[Source records]

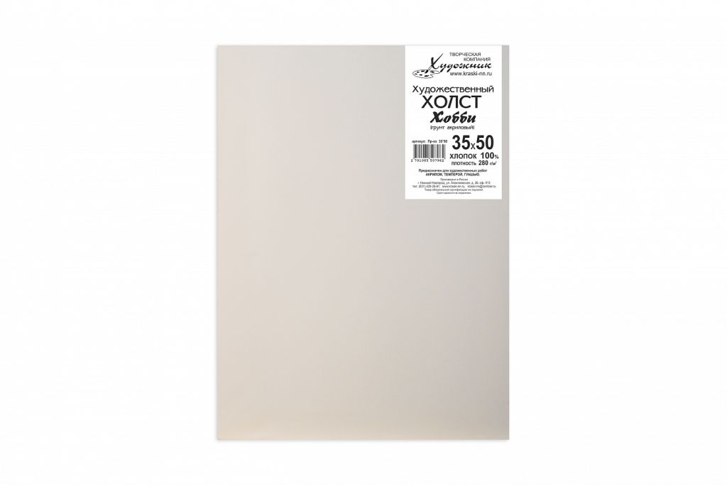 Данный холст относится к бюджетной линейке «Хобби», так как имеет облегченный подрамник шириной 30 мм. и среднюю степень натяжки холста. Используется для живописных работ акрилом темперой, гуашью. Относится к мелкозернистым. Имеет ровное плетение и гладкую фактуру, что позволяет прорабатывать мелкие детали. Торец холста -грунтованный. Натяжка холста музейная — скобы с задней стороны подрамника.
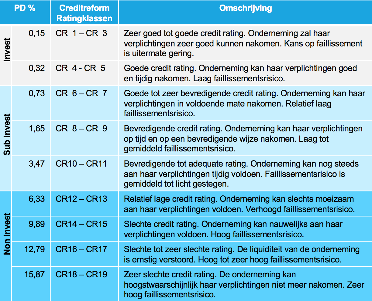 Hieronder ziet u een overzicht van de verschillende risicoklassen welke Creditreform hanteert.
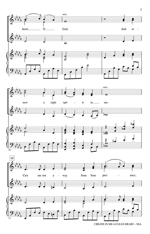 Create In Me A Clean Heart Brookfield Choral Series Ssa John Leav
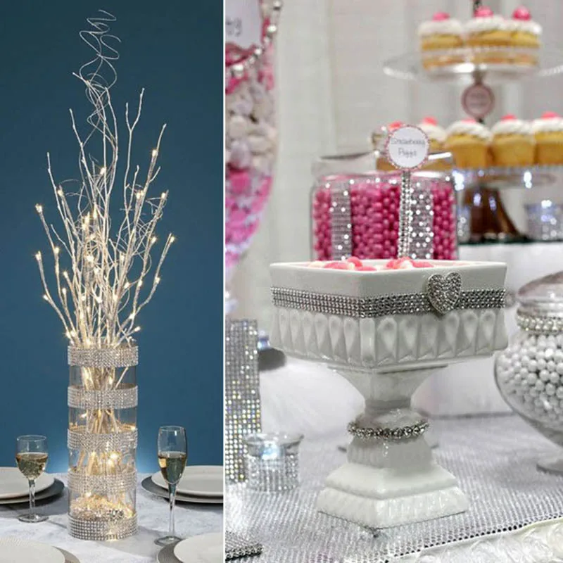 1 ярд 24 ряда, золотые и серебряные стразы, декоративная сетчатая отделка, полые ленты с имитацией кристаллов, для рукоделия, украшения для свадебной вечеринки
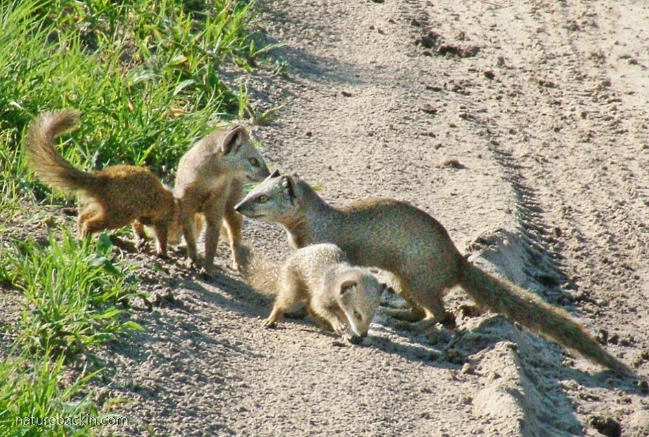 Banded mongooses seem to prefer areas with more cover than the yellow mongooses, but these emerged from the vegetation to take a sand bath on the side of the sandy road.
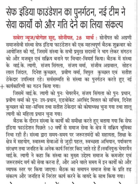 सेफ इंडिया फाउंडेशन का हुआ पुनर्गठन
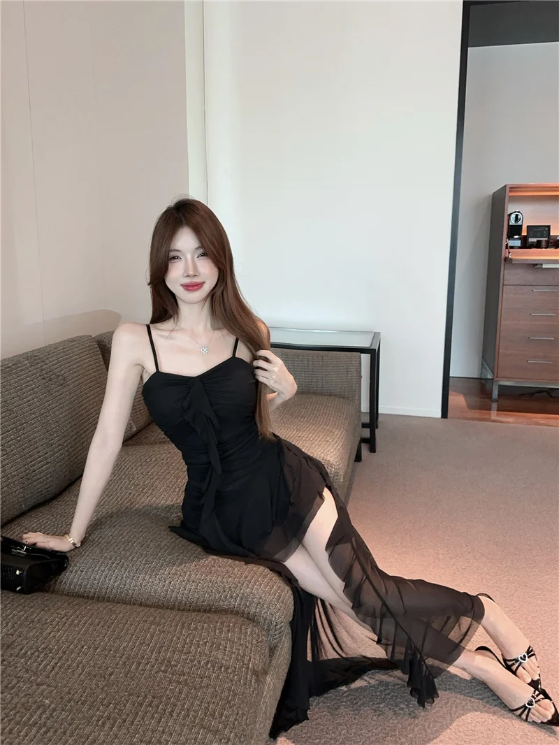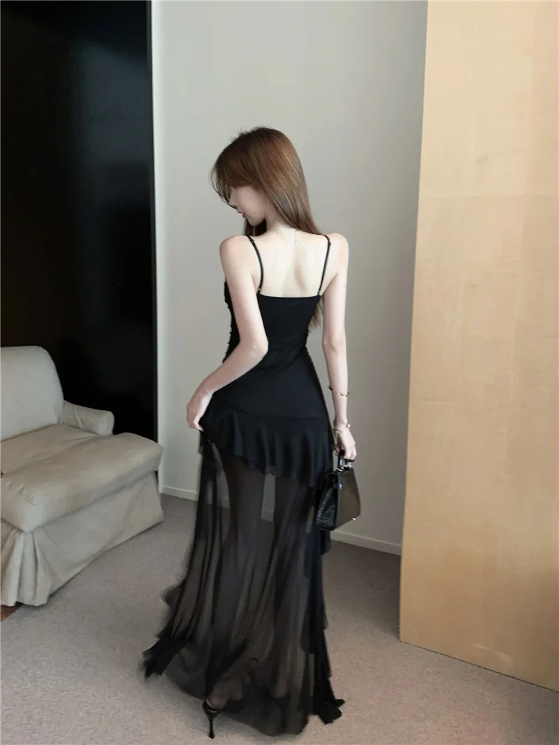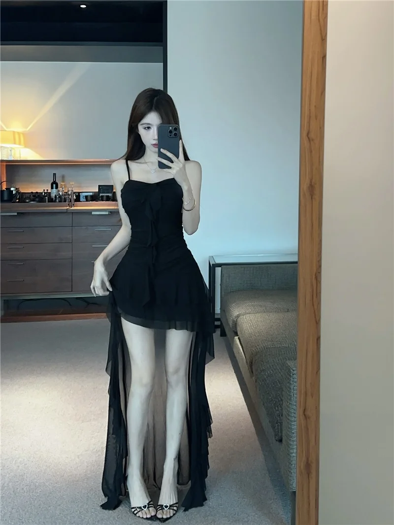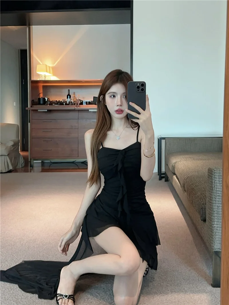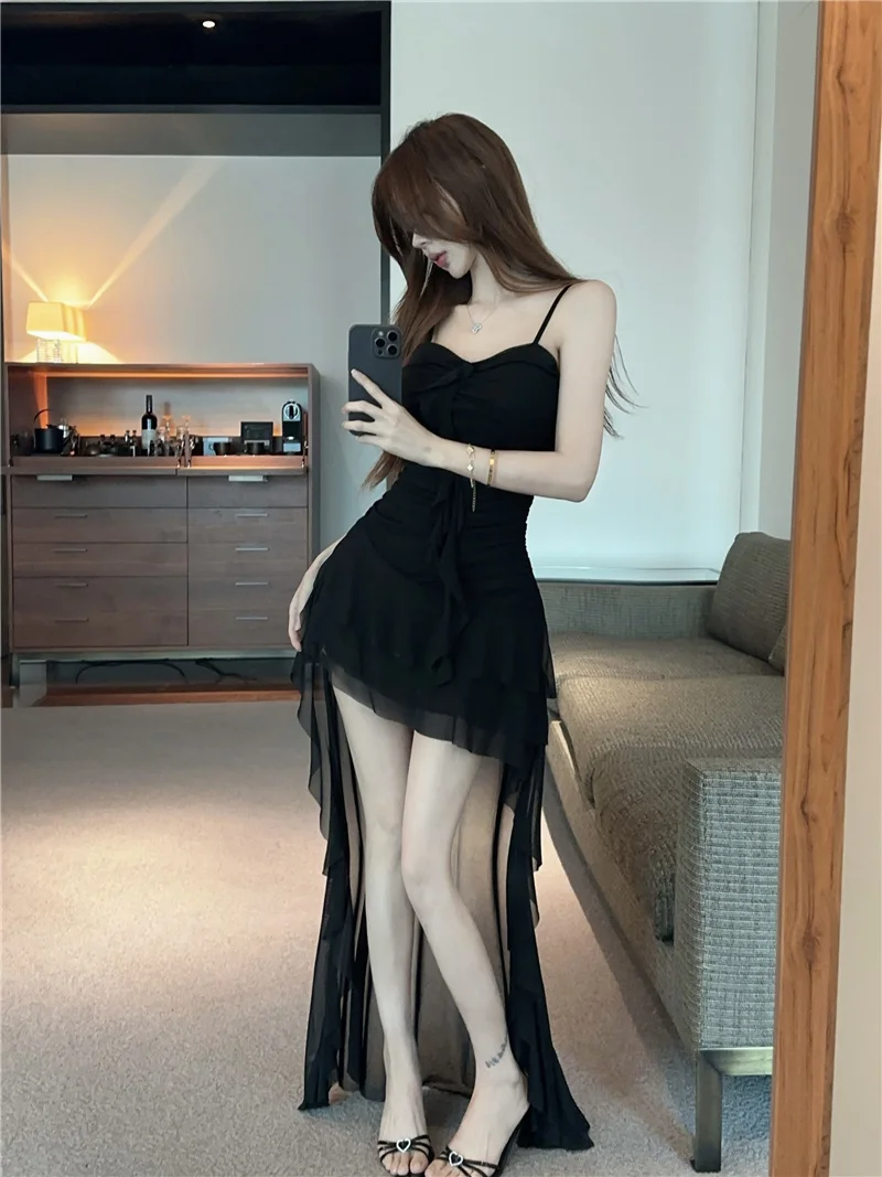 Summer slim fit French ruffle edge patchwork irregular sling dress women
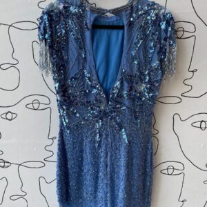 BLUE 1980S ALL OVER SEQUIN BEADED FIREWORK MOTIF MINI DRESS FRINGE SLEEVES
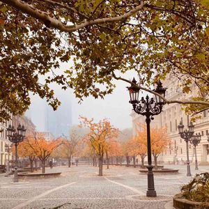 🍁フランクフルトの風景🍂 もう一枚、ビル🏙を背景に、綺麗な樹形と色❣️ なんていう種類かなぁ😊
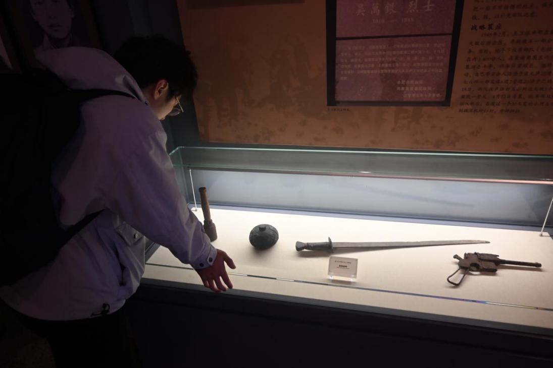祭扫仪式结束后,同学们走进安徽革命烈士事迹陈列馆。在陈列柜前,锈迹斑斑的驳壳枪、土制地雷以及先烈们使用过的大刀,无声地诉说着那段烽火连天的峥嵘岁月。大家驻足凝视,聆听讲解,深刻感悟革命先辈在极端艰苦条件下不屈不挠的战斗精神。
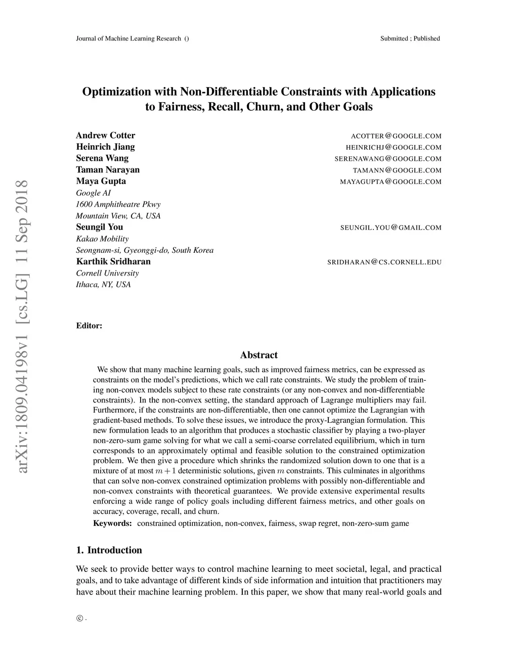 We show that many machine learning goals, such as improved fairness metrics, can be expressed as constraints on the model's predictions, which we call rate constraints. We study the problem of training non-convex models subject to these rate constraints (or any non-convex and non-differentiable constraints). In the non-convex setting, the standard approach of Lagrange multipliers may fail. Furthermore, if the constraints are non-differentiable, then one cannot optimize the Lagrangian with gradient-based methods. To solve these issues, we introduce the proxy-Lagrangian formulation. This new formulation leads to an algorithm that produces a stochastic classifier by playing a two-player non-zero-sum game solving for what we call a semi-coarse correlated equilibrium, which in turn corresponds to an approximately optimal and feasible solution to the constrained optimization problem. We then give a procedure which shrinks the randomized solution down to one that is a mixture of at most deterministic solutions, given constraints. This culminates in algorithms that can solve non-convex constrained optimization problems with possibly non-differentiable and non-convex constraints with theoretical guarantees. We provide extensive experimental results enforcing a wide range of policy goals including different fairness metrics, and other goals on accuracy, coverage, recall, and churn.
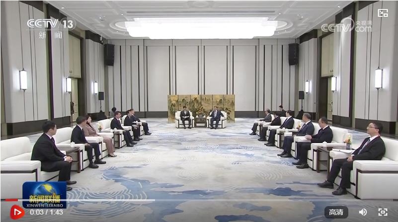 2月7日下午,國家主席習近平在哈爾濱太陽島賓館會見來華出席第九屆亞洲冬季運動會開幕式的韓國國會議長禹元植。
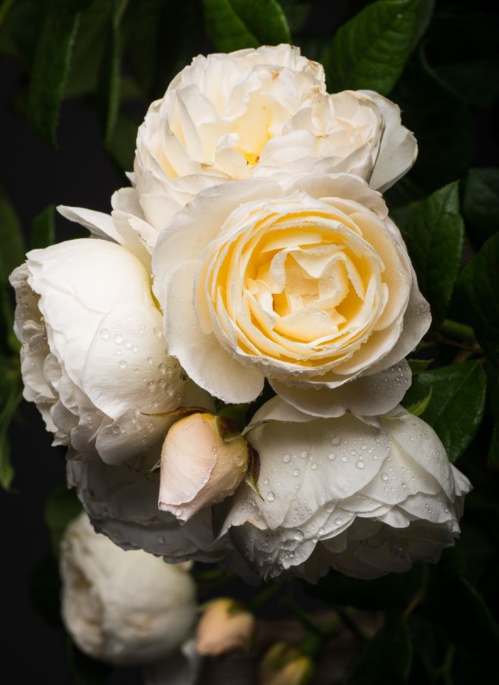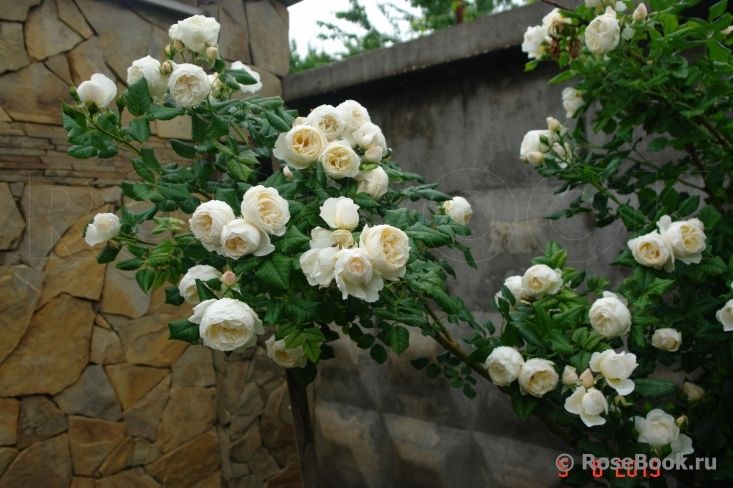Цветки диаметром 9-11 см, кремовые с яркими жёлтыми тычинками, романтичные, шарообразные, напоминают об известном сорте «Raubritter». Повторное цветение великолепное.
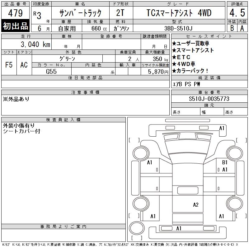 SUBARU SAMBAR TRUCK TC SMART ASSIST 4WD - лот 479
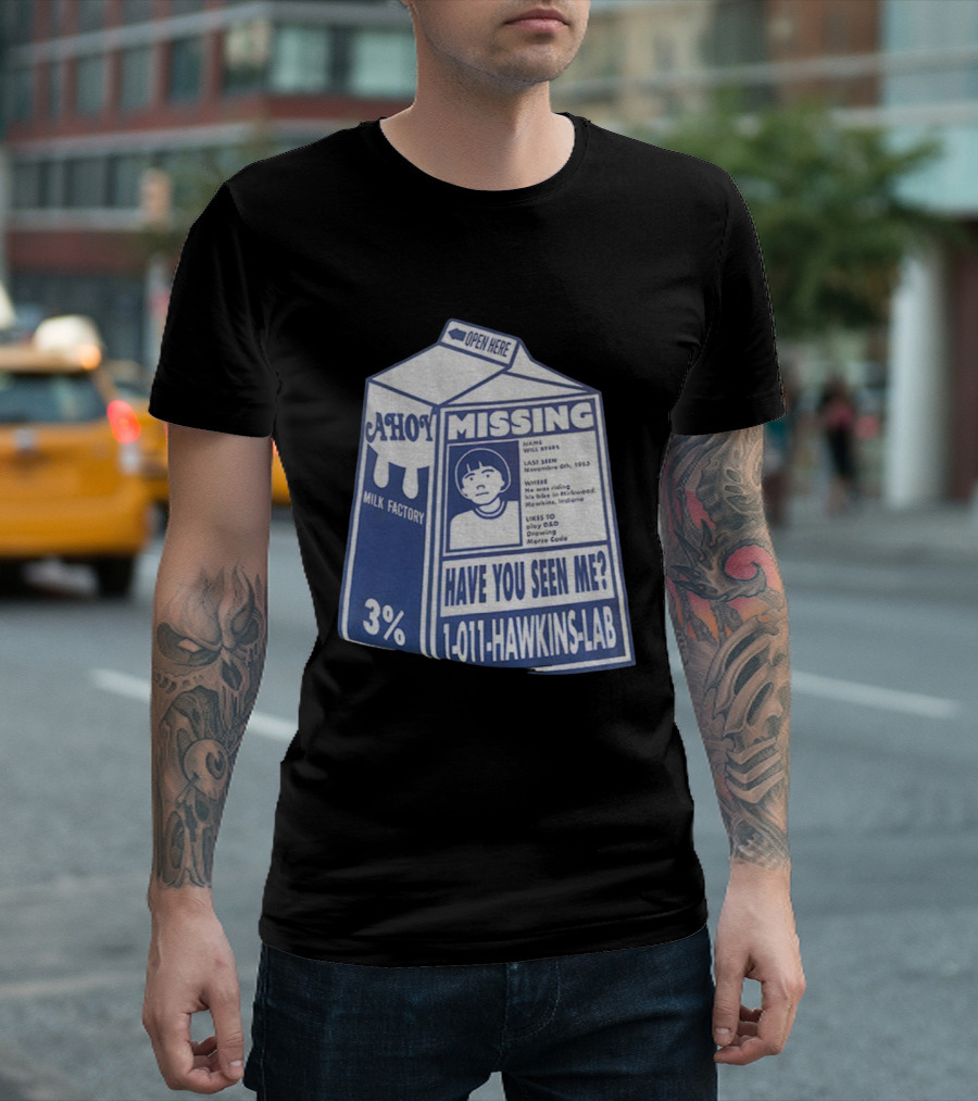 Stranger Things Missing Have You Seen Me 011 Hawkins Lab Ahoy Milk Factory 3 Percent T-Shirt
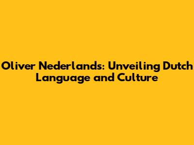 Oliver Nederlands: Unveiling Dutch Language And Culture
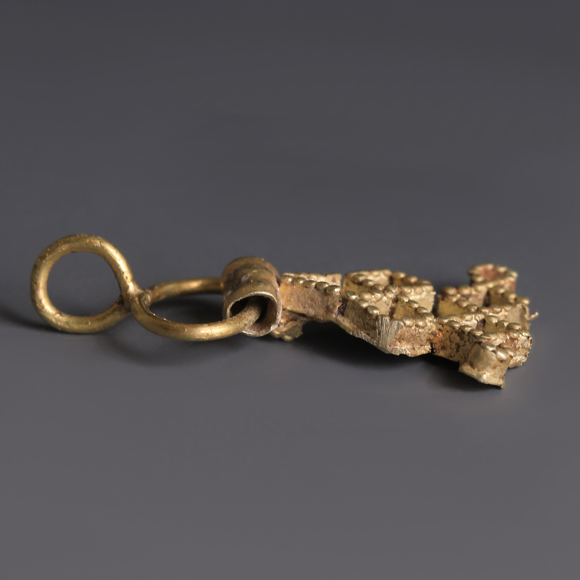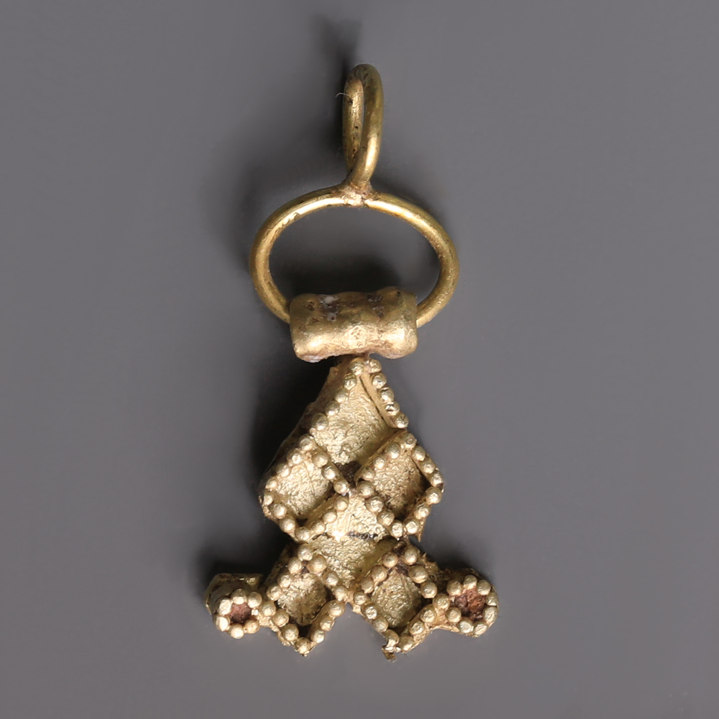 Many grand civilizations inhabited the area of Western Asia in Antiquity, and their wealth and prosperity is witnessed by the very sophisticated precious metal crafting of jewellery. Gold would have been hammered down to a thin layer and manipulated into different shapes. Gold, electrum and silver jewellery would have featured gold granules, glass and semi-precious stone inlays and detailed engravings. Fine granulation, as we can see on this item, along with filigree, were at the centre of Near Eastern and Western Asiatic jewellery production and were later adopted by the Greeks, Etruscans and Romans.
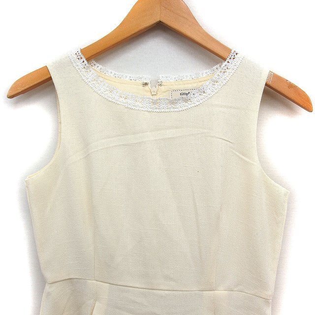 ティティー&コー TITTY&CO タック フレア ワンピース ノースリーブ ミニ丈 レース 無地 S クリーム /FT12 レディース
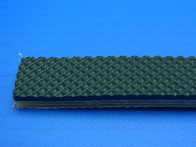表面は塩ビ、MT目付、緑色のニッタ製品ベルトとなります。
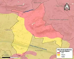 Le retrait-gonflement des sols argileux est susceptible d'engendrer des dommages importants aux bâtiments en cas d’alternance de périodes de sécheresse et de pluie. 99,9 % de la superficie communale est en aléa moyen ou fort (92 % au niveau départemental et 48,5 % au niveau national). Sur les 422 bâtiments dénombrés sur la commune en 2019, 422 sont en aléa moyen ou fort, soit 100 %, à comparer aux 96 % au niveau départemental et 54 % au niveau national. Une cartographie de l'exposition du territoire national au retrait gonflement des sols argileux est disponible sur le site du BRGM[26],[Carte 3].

■ Action item ■
Could you repeat the entries word for word, skipping the pictures they contain?

■ Response to the exercise ■
 Данный холст относится к бюджетной линейке «Хобби», так как имеет облегченный подрамник шириной 30 мм. и среднюю степень натяжки холста. Используется для живописных работ акрилом темперой, гуашью. Относится к мелкозернистым. Имеет ровное плетение и гладкую фактуру, что позволяет прорабатывать мелкие детали. Торец холста -грунтованный. Натяжка холста музейная — скобы с задней стороны подрамника.
 Hieronder ziet u een overzicht van de verschillende risicoklassen welke Creditreform hanteert.
 Create In Me A Clean Heart Brookfield Choral Series Ssa John Leav
 1 ярд 24 ряда, золотые и серебряные стразы, декоративная сетчатая отделка, полые ленты с имитацией кристаллов, для рукоделия, украшения для свадебной вечеринки
 Banded mongooses seem to prefer areas with more cover than the yellow mongooses, but these emerged from the vegetation to take a sand bath on the side of the sandy road.
 सेफ इंडिया फाउंडेशन का हुआ पुनर्गठन
 Summer slim fit French ruffle edge patchwork irregular sling dress women
 BLUE 1980S ALL OVER SEQUIN BEADED FIREWORK MOTIF MINI DRESS FRINGE SLEEVES
 🍁フランクフルトの風景🍂 もう一枚、ビル🏙を背景に、綺麗な樹形と色❣️ なんていう種類かなぁ😊
祭扫仪式结束后,同学们走进安徽革命烈士事迹陈列馆。在陈列柜前,锈迹斑斑的驳壳枪、土制地雷以及先烈们使用过的大刀,无声地诉说着那段烽火连天的峥嵘岁月。大家驻足凝视,聆听讲解,深刻感悟革命先辈在极端艰苦条件下不屈不挠的战斗精神。
 We show that many machine learning goals, such as improved fairness metrics, can be expressed as constraints on the model's predictions, which we call rate constraints. We study the problem of training non-convex models subject to these rate constraints (or any non-convex and non-differentiable constraints). In the non-convex setting, the standard approach of Lagrange multipliers may fail. Furthermore, if the constraints are non-differentiable, then one cannot optimize the Lagrangian with gradient-based methods. To solve these issues, we introduce the proxy-Lagrangian formulation. This new formulation leads to an algorithm that produces a stochastic classifier by playing a two-player non-zero-sum game solving for what we call a semi-coarse correlated equilibrium, which in turn corresponds to an approximately optimal and feasible solution to the constrained optimization problem. We then give a procedure which shrinks the randomized solution down to one that is a mixture of at most deterministic solutions, given constraints. This culminates in algorithms that can solve non-convex constrained optimization problems with possibly non-differentiable and non-convex constraints with theoretical guarantees. We provide extensive experimental results enforcing a wide range of policy goals including different fairness metrics, and other goals on accuracy, coverage, recall, and churn.
 2月7日下午,國家主席習近平在哈爾濱太陽島賓館會見來華出席第九屆亞洲冬季運動會開幕式的韓國國會議長禹元植。
Цветки диаметром 9-11 см, кремовые с яркими жёлтыми тычинками, романтичные, шарообразные, напоминают об известном сорте «Raubritter». Повторное цветение великолепное.
 SUBARU SAMBAR TRUCK TC SMART ASSIST 4WD - лот 479
 Stranger Things Missing Have You Seen Me 011 Hawkins Lab Ahoy Milk Factory 3 Percent T-Shirt
 Oliver Nederlands: Unveiling Dutch Language And Culture
 Many grand civilizations inhabited the area of Western Asia in Antiquity, and their wealth and prosperity is witnessed by the very sophisticated precious metal crafting of jewellery. Gold would have been hammered down to a thin layer and manipulated into different shapes. Gold, electrum and silver jewellery would have featured gold granules, glass and semi-precious stone inlays and detailed engravings. Fine granulation, as we can see on this item, along with filigree, were at the centre of Near Eastern and Western Asiatic jewellery production and were later adopted by the Greeks, Etruscans and Romans.
 ティティー&コー TITTY&CO タック フレア ワンピース ノースリーブ ミニ丈 レース 無地 S クリーム /FT12 レディース
表面は塩ビ、MT目付、緑色のニッタ製品ベルトとなります。
 Le retrait-gonflement des sols argileux est susceptible d'engendrer des dommages importants aux bâtiments en cas d’alternance de périodes de sécheresse et de pluie. 99,9 % de la superficie communale est en aléa moyen ou fort (92 % au niveau départemental et 48,5 % au niveau national). Sur les 422 bâtiments dénombrés sur la commune en 2019, 422 sont en aléa moyen ou fort, soit 100 %, à comparer aux 96 % au niveau départemental et 54 % au niveau national. Une cartographie de l'exposition du territoire national au retrait gonflement des sols argileux est disponible sur le site du BRGM[26],[Carte 3].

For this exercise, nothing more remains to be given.